By Patrick Dillon @PDillon_SGN
WOODLAKE – Not all lessons are learned in the classroom, some come from the grit it takes to compete on the gridiron. And while coaches dress down in shorts, t-shirts, hats and whistles make no mistake they are teachers nonetheless. The similarities are endless. Coaches, like teachers, spend hours outside regular working hours trying to figure out ways for their kids to succeed, they pull money out of their own pocket to get kids the equipment they need, and they foster potential in the ones who show promise.
And for their unwavering dedication Woodlake Youth Football was awarded the 2017 Commitment to Youth award, and former Pop Warner coach Larry Arroyo was given the 2017 Youth Mentor of the Year award.
Ryan Wallace, president of the Woodlake Youth Football organization, only views himself as the figure head of the organization. On the board with him are six other members. He says, along with the kids, are the real deservers of the award.
“It is very nice to see that all our hard work has not gone unnoticed,” Wallace said. “I think if people put forth just a little bit of effort it will get noticed.”
It is the small bit of effort which Wallace is trying to instill into the players on their six teams. While winning is import, the organization is trying to do more. Coaches are expected to be positive role models. Team work, communication, and respect are also highly valued lessons which are taught.
Wallace began coaching eight years ago, and the lessons taught to those first players are being used well. On many occasions he has had former players come up to him thanking him for teaching them the lessons through the sport.
“It brings a tear to my eye,” Wallace said. “It is all for the kids is why we do this.”

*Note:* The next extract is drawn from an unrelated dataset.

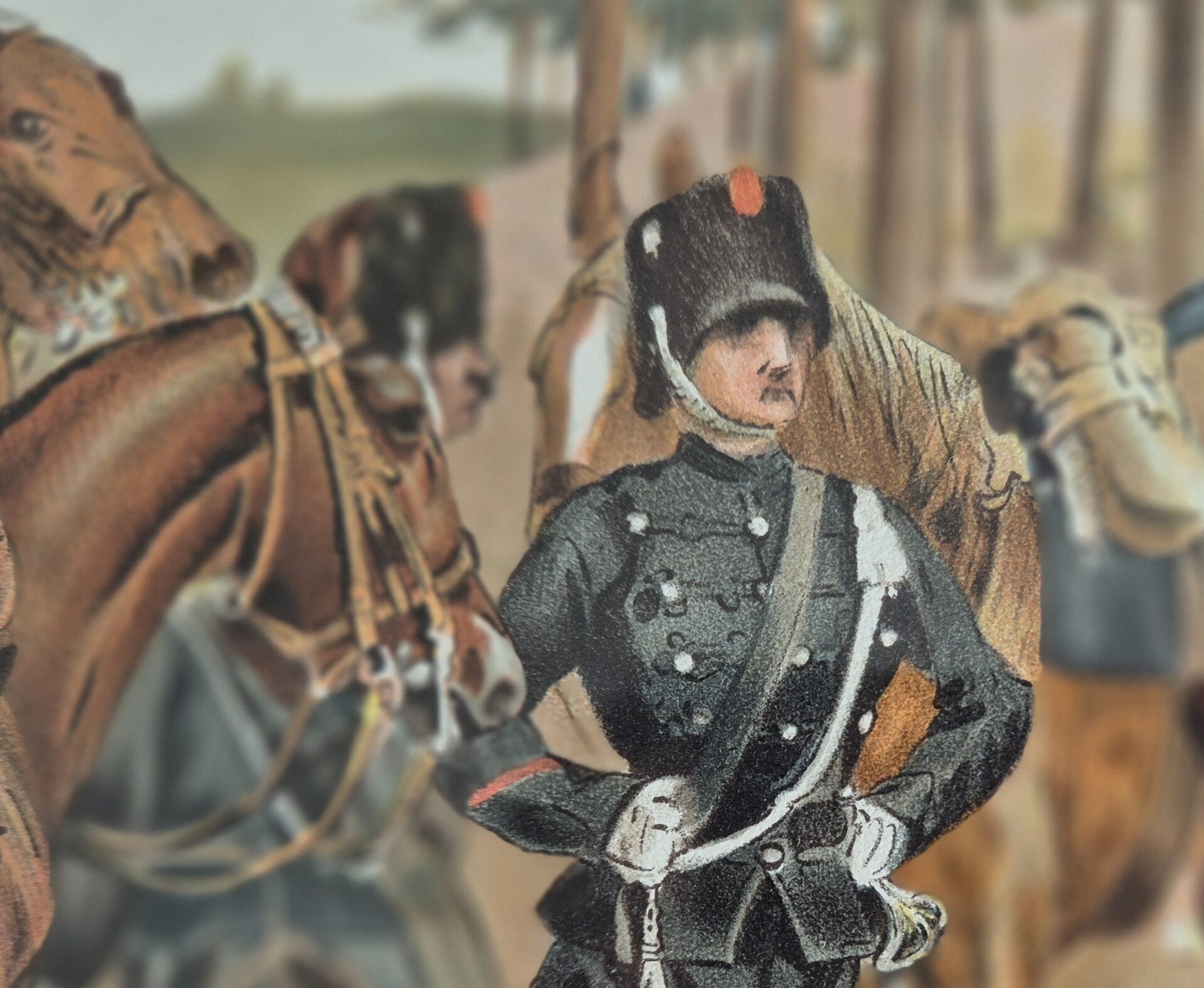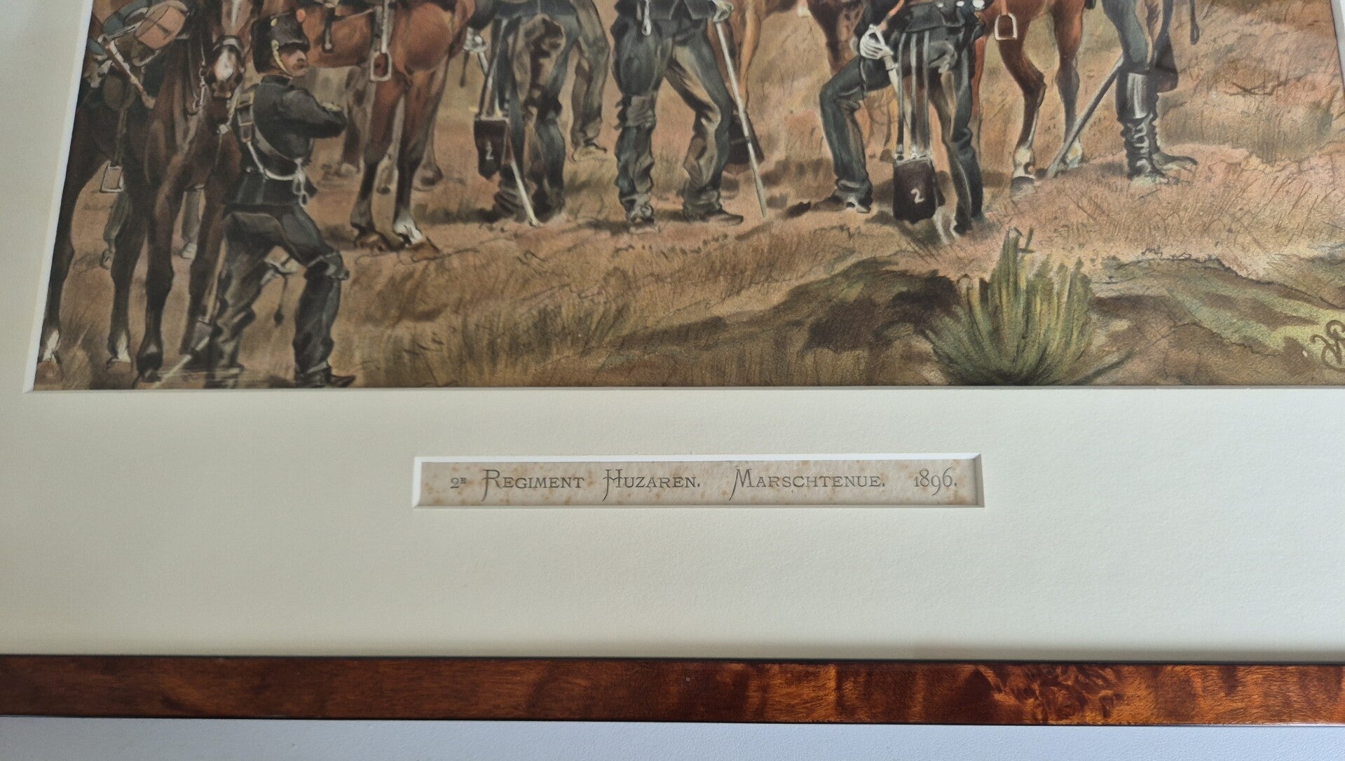 The old print is completely original and is in very good condition. The watercolour has fine details and the frame is nicely closed.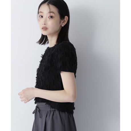 ジャガード編みをカットしてフリンジの編地を表現したニットです。コンパクトなサイズ感や袖丈が大人っぽく、カジュアルな雰囲気とのバランスが良いデザイン。落ち着いたカラー展開なので、デザイン性のあるニットでもシンプルな印象で着こなしやすいです。ワイドパンツやデニムパンツとのコーディネートがおすすめです。<素材>ジャガード編みをカットしてフリンジを作ったニットです。肌当たりの良い糸を使用しています。<詳細>仕様・開閉なし裏地・なし透け感・なし / 光沢・なし / 伸縮性・あり生地の厚さ・普通※モデルの着用画像の場合、光の当たり具合により、実際の色味と異なって見えることがございます。色味は、商品単体の画像をご参照ください。

Vice president James Sandoval’s purpose behind becoming a board member was kid driven as well. A former Woodlake youth player he wanted to see the game persevered from when he played.
“I love Woodlake, and I love the kids,” Sandoval said. “I try and give back to the community as much as I can.”
A competitive person, even at a young age, Sandoval took the winning and losing of a game seriously. To him it is something which is missing from sports today. Bantam football teams don’t keep official scores. However, when Sandoval coached Woodlake’s team he kept score. After games he told his team whether they had won or lost. Sandoval’s purpose was to keep the competitive nature alive.
“When they grow up they will want to be better and want to do better,” Sandoval said. “It is amazing to see these little kids grow and that is where I get my drive.”
Fortunate enough for the two of them they’ve had coaches come through like Larry Arroyo. He coached at the Pop Warner level in Woodlake for 26 years, and influenced the lives hundreds of kids. He was also a junior varsity football coach for six years. Recently retired the news to Arroyo was a shock.
“This award was totally unexpected,” Arroyo said.
The transition from player to coach was almost instantaneous. In 1979 Arroyo finished up a four year varsity career under Leo Robinson. The very next fall Robinson offered him a coaching position with the youth program. One he took and ran with.
While an athlete Arroyo was only focused on playing the game. Instead he learned discipline from Robinson. That is something which he brought to the table when coaching his own teams.
“I believe if you are discipline on the field than you are going to take that discipline home and it will stay with the kids throughout their lives,” Arroyo said.